◆ **What the task requires**
Nothing but the images is to be left out of your exact copy of the entries.

** Extracted data follows **

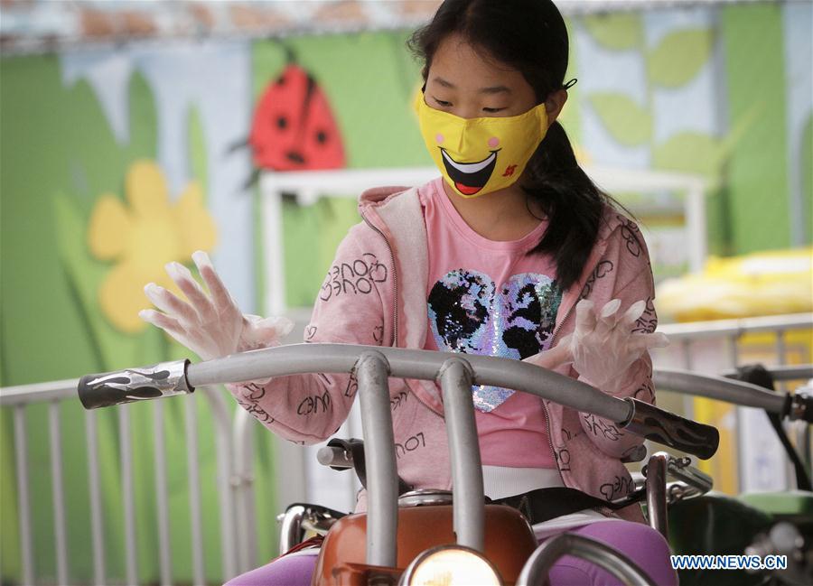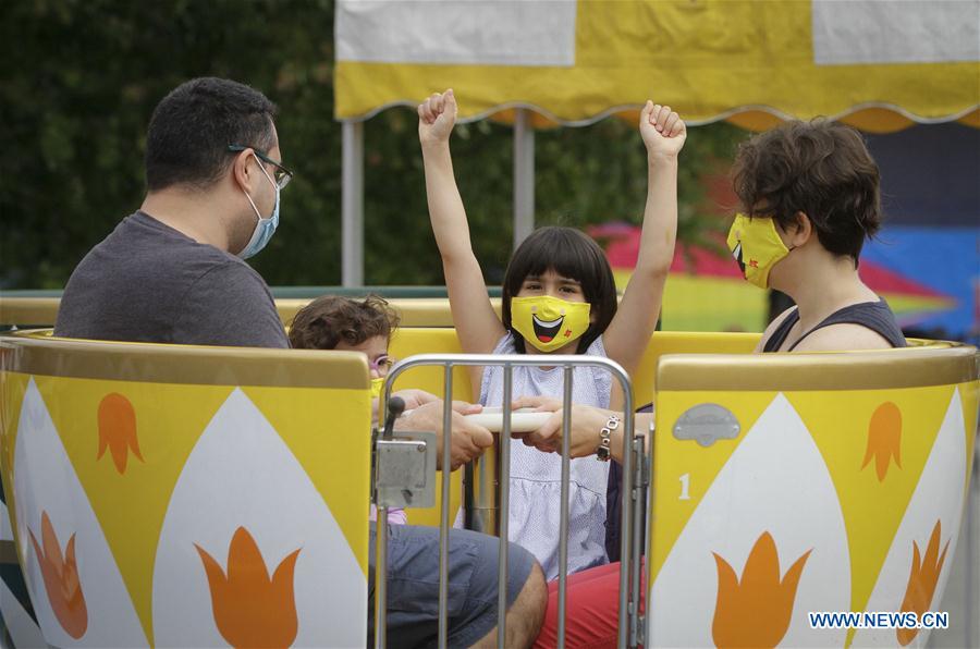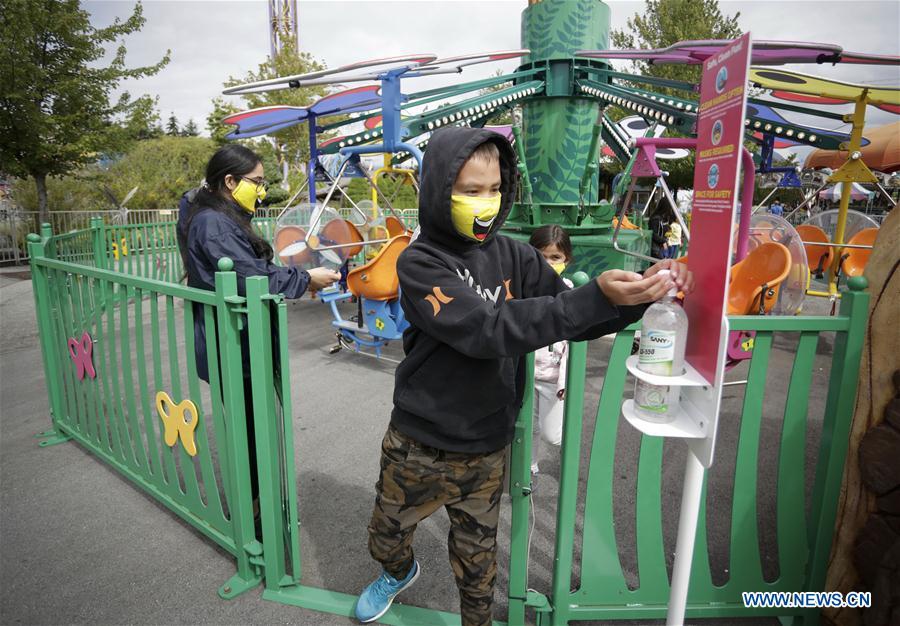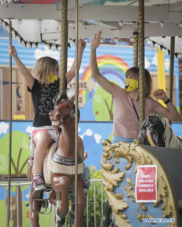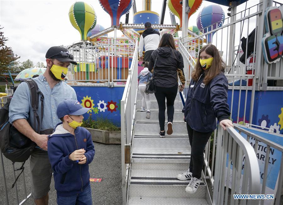 People wearing face masks enjoy themselves in Playland Amusement Park at Pacific National Exhibition in Vancouver, British Columbia, Canada, on July 10, 2020. Playland Amusement Park was reopened to public on Friday, with measures to ensure proper health and safety protocols throughout the park. (Photo by Liang Sen/Xinhua)
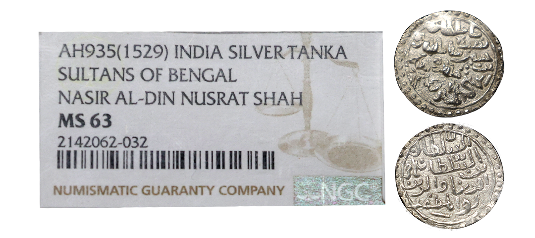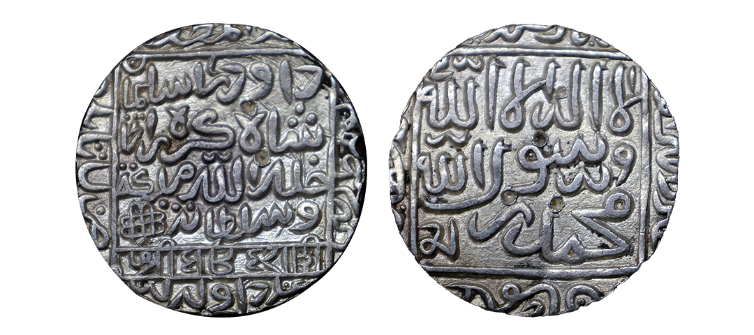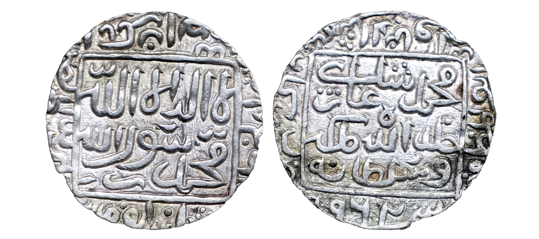 Sultans of Bengal, Shams al-Din Muhammad Ghazi (1552-1554/5 AD), Silver Rupee, Arakan Mint (completely visible), AH 962, G&G B960. Extremely Fine, No Test Masrks, Complete Mint & Date visible,Complete Flan in Pristine condition. The weaking of suri power during the latter part of the reign of Islam shah and upon the death of the Suri Ruler His Governor in Bengal assumed Independence with the title Shams al-din md shah Gazi and issued coin on the rupee standard, all coin bearing the mint name Arakan.
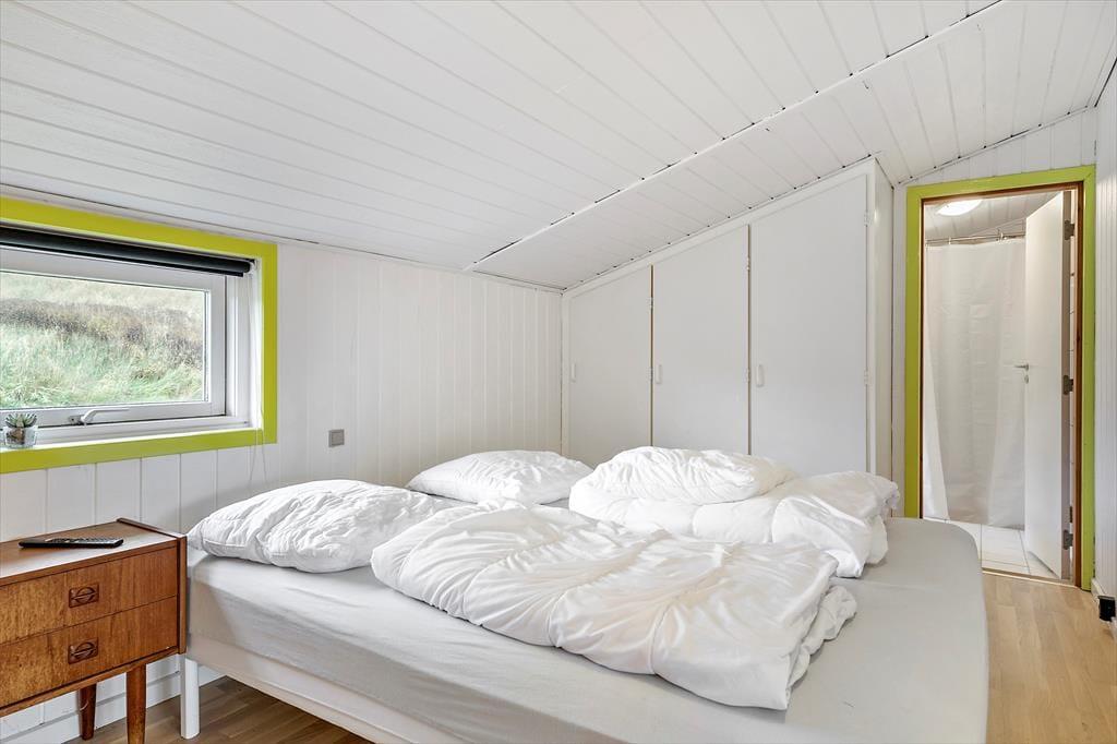 Atmosfæren er lys og venlig inden døre, og I kan straks føle jer hjemme i det 98 m2 store sommerhus. Indretningen passer godt til seks personer, for der er ikke bare tre soveværelser med dobbeltseng, men også to badeværelser, så I ikke behøver at stå i kø for at bade om morgenen. Det ene af badeværelserne er for øvrigt med badekar, hvilket er en skøn detalje, hvis der opstår et behov for lidt ekstra varme og wellness, når I vender hjem fra strandturen. I den rummelige opholdsafdeling har I god plads til at lave mad i køkkenet, samles ved spisebordet eller flade ud i stuens sofa, og med stort fladskærms-tv og brændeovn er der lagt op til nogle rigtig gode hyggeaftener.
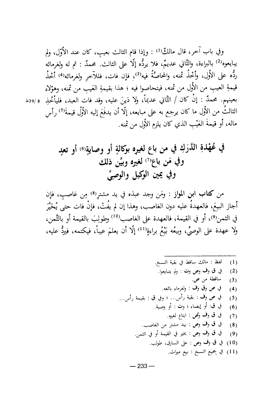 وفي باب آخر، قال مالك: وإذا قام الثالث بعيب، كان عند الأول، ولم يبايعوه بالبراءة، والثاني عديم، فلا يرده إلا على الثالث. محمد: ثم له ولغرمائه رده على الأول، وأخذ ثمنه، والمحاصة فيه، فإن فات، فللآخر ولغرمائه أخذ قيمة العيب من الأول من ثمنه، فيتحاصوا فيه، هذا بقيمة العيب من ثمنه، وهؤلاء بعينهم. محمد: إن كان الثاني عديمًا، ولا دين عليه، وقد فات العبد، فليأخذ الثالث من الأول ما كان يرجع به على مبايعه، إلا أن يدفع إليه الأول قيمة راس ماله، أو قيمة الغيب الذي كان يلزم الأول من ثمنه.
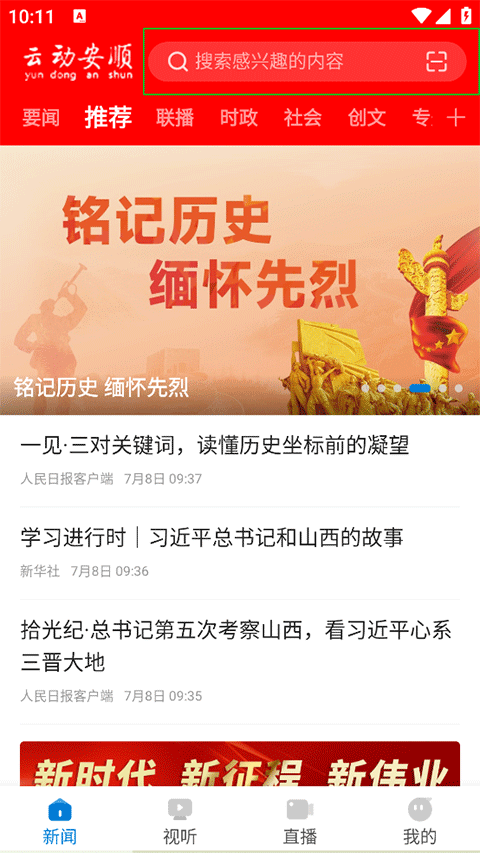 1、打开云动安顺新闻客户端,在首页搜索栏搜索您感兴趣的内容;
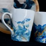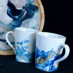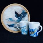 Ensemble de deux tasses peintes sur assiette en bambou, peinte et protégée de résine alimentaire.
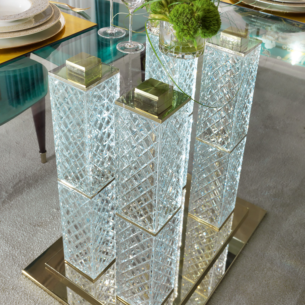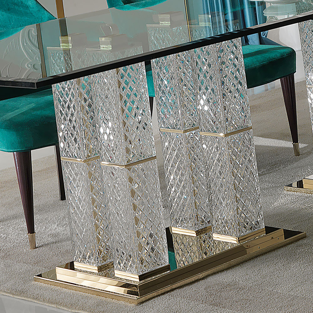 The stunning contemporary styling of the rectangular bevelled tempered glass table top is of the highest standard and works perfectly together with the statement double set of intricate cut glass plinth style bases. Supported by, and with enhancing detailing of brass and Inox steel with a vibrant gold plated finish. A perfect unity of forms indeed, maximising the minimal look. Height 76 cm x width 270 cm x depth 110 cm. Paired here in perfection with the Italian Designer Upholstered Dining Chair, a solid beech wooden structure in an ebony finish and upholstered to the highest standards in the finest quality ivory velvet or decorative fabric of oriental inspiration. Completed with refined metal glides and arm rest detailing in a brass finish. Height 87 cm x width 60 cm x depth 65 cm. The table is also available in customised sizes and finishes such as chrome, the dining chair is also offered in alternative fabrics and finishes, such as satin brass and alternative woods. Prices will vary.
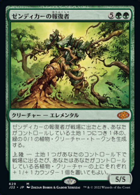 |  Variations— Parts— | ゼンディカーの報復者5 / 5 ゼンディカーの報復者が戦場に出たとき、あなたがコントロールしている土地1つにつき1体の、緑の0/1の植物・クリーチャー・トークンを生成する。 上陸 ― 土地1つがあなたのコントロール下で戦場に出るたび、あなたがコントロールしている各植物・クリーチャーの上にそれぞれ+1/+1カウンター1個を置いてもよい。

** End of Extracted data **

◆ **Solution to this exercise**
 People wearing face masks enjoy themselves in Playland Amusement Park at Pacific National Exhibition in Vancouver, British Columbia, Canada, on July 10, 2020. Playland Amusement Park was reopened to public on Friday, with measures to ensure proper health and safety protocols throughout the park. (Photo by Liang Sen/Xinhua)
 Sultans of Bengal, Shams al-Din Muhammad Ghazi (1552-1554/5 AD), Silver Rupee, Arakan Mint (completely visible), AH 962, G&G B960. Extremely Fine, No Test Masrks, Complete Mint & Date visible,Complete Flan in Pristine condition. The weaking of suri power during the latter part of the reign of Islam shah and upon the death of the Suri Ruler His Governor in Bengal assumed Independence with the title Shams al-din md shah Gazi and issued coin on the rupee standard, all coin bearing the mint name Arakan.
 Atmosfæren er lys og venlig inden døre, og I kan straks føle jer hjemme i det 98 m2 store sommerhus. Indretningen passer godt til seks personer, for der er ikke bare tre soveværelser med dobbeltseng, men også to badeværelser, så I ikke behøver at stå i kø for at bade om morgenen. Det ene af badeværelserne er for øvrigt med badekar, hvilket er en skøn detalje, hvis der opstår et behov for lidt ekstra varme og wellness, når I vender hjem fra strandturen. I den rummelige opholdsafdeling har I god plads til at lave mad i køkkenet, samles ved spisebordet eller flade ud i stuens sofa, og med stort fladskærms-tv og brændeovn er der lagt op til nogle rigtig gode hyggeaftener.
 وفي باب آخر، قال مالك: وإذا قام الثالث بعيب، كان عند الأول، ولم يبايعوه بالبراءة، والثاني عديم، فلا يرده إلا على الثالث. محمد: ثم له ولغرمائه رده على الأول، وأخذ ثمنه، والمحاصة فيه، فإن فات، فللآخر ولغرمائه أخذ قيمة العيب من الأول من ثمنه، فيتحاصوا فيه، هذا بقيمة العيب من ثمنه، وهؤلاء بعينهم. محمد: إن كان الثاني عديمًا، ولا دين عليه، وقد فات العبد، فليأخذ الثالث من الأول ما كان يرجع به على مبايعه، إلا أن يدفع إليه الأول قيمة راس ماله، أو قيمة الغيب الذي كان يلزم الأول من ثمنه.
 1、打开云动安顺新闻客户端,在首页搜索栏搜索您感兴趣的内容;
 Ensemble de deux tasses peintes sur assiette en bambou, peinte et protégée de résine alimentaire.
 The stunning contemporary styling of the rectangular bevelled tempered glass table top is of the highest standard and works perfectly together with the statement double set of intricate cut glass plinth style bases. Supported by, and with enhancing detailing of brass and Inox steel with a vibrant gold plated finish. A perfect unity of forms indeed, maximising the minimal look. Height 76 cm x width 270 cm x depth 110 cm. Paired here in perfection with the Italian Designer Upholstered Dining Chair, a solid beech wooden structure in an ebony finish and upholstered to the highest standards in the finest quality ivory velvet or decorative fabric of oriental inspiration. Completed with refined metal glides and arm rest detailing in a brass finish. Height 87 cm x width 60 cm x depth 65 cm. The table is also available in customised sizes and finishes such as chrome, the dining chair is also offered in alternative fabrics and finishes, such as satin brass and alternative woods. Prices will vary.
 |  Variations— Parts— | ゼンディカーの報復者5 / 5 ゼンディカーの報復者が戦場に出たとき、あなたがコントロールしている土地1つにつき1体の、緑の0/1の植物・クリーチャー・トークンを生成する。 上陸 ― 土地1つがあなたのコントロール下で戦場に出るたび、あなたがコントロールしている各植物・クリーチャーの上にそれぞれ+1/+1カウンター1個を置いてもよい。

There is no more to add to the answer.